United States

United States

Industry bat study has experts puzzled -- No connection with wind turbines

When FPL Energy, the biggest US wind developer, recently announced funding for a pair of new bat study projects, industry watchers wondered what link the initiative might have between wind power and bat mortalities. As the unexpected discovery of bat kills in a wind farm in Canada has revealed (Windpower Monthly, February 2006), it is an issue of considerable mystery, debate and concern.

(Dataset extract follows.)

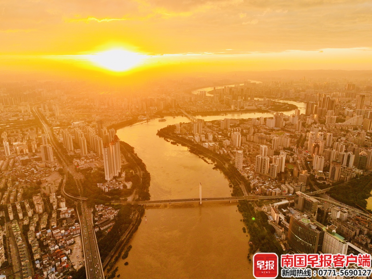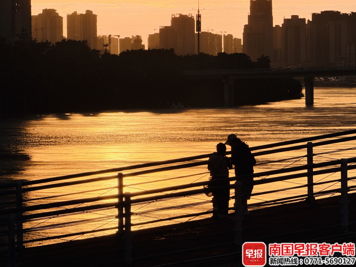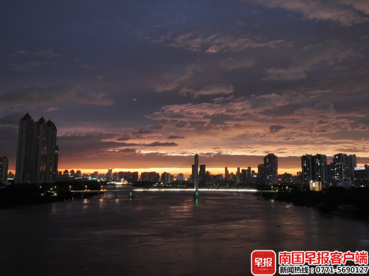 10月5日傍晚,台风“麦德姆”来临前,南宁市出现壮观的火烧云,半边天空变得一片金黄,夕阳余晖染红了邕江。 南宁市葫芦鼎大桥一带,有市民在江边停下脚步,记录这壮美一刻。 美图来啦 ↓↓↓ 晚霞晕染了整片天空,邕江变得一片金黄。 金黄的江水从白沙大桥下流过。 金黄的邕江水从亭子码头旁流过。 城市的建筑沉浸在一片金光中。 晚6时许,南宁市西边的天空变得金黄一片。 南宁市东边的天空出现巨大的彩虹。 市民在邕江边看火烧云。 晚6时50分,夕阳余晖在地平线逐渐消失。 |

"I don't think you should link these projects to wind turbines," says Steve Stengel of FPL. "We just think it's in our best interest and we think it's in the wind industry's best interest to learn as much as we can about bats."

Conservation initiative

FPL began work with BHE Environmental last summer to develop its bat conservation pilot initiative. BHE, a nationally recognised leader in the biology and management of bats, made contact with the US Fish and Wildlife Service, the US Forest Service and several state departments of natural resources, as well as academicians, private landowners and other non-governmental organisations.

Out of 27 submissions to participate in the research from seven states, FPL chose two projects. One project, in West Virginia, will evaluate the controlled burn of 400 acres and encourage female maternity roosting of the endangered Indiana bat and other bat species. The other project, in Oklahoma, will study the use of bat-friendly gates in winter roosting caves -- home to about 70,000 Myotis bats.

"There is such a limited amount known about general bat biology," says Russ Romme of BHE. "The more we learn, the more options we might have available in terms of conservation options. But the project does not have a link to any particular wind farm."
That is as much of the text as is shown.